Musicalement, après un départ magistralement raté, l'orchestre est superbe. Quel régal pour les solistes, à qui Boesmans confie de nombreuses belles phrases ! Si Boesmans déclarait sur France-Musique que la salle Favart, plus petite que la Monnaie, favorisait le plateau vocal, on en doute d'abord, face au niveau sonore élevé de l'orchestre et à la faiblesse de certaines voix. Cet équilibre s'améliore heureusement après les premières scènes. Restent les émissions trop sourdes et appuyées de Frode Olsen et de Charlotte Hellekant, qui ne passent pas toujours la rampe. Par contraste, Patricia Petibon, Yann Beuron et Philippe Sly ont une présence vocale tranchante et efficace, où le timbre sert le texte au lieu de le voiler. Fflur Wyn (que l'on compare toujours à une soeur disparue tout en lui disant simultanément qu'elle peut et doit être elle-même !) est également efficace.

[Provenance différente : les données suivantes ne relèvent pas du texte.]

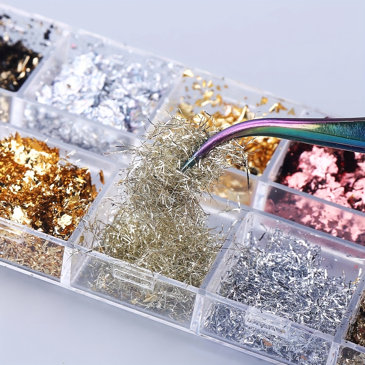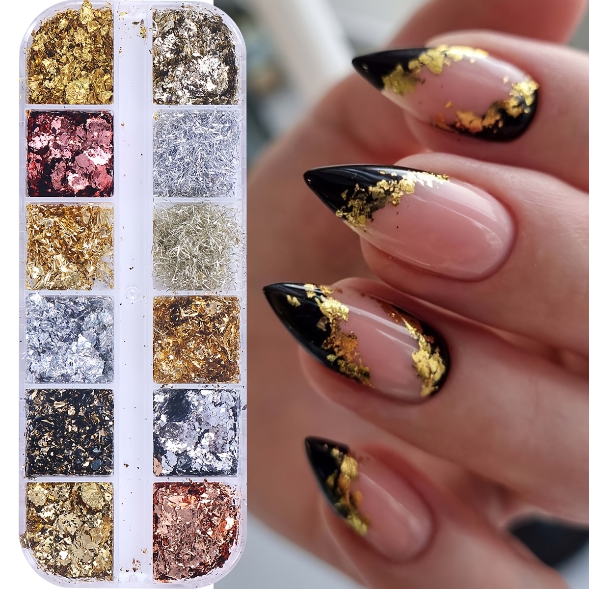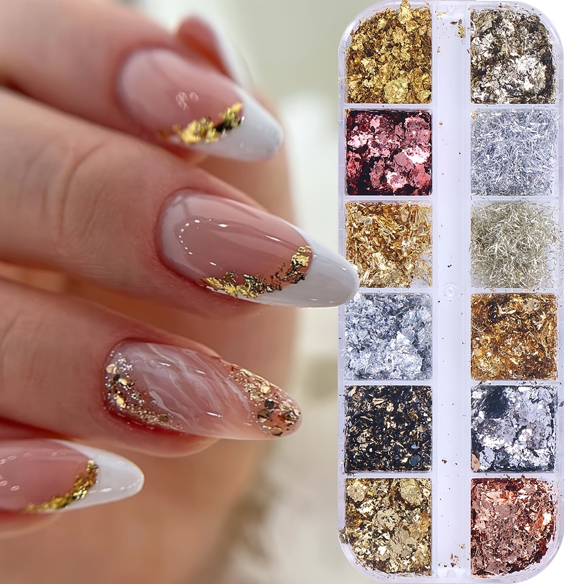 Σετ με 12 διαφορετικές αποχρώσεις μεταλλικών foil flakes για εντυπωσιακά nail art looks. Ιδανικά για χρήση με gel, acrylic, polygel ή απλό βερνίκι, προσθέτουν πολυτελή λάμψη και λεπτομέρεια σε κάθε σχέδιο. Τα φύλλα foil εφαρμόζονται εύκολα και επιτρέπουν από minimal accents μέχρι full glam δημιουργίες.

Du décor il y a peu à dire, puisqu'il s'agit d'une boîte presque noire avec une table et quelques chaises. On retrouve la simplicité des Tchekhov de Christian Benedetti à l'Athénée ! Les surtitres font partie intégrante du décor, puisqu'ils sont projetés sur le mur de fond, où ils sont presque impossibles à ne pas lire.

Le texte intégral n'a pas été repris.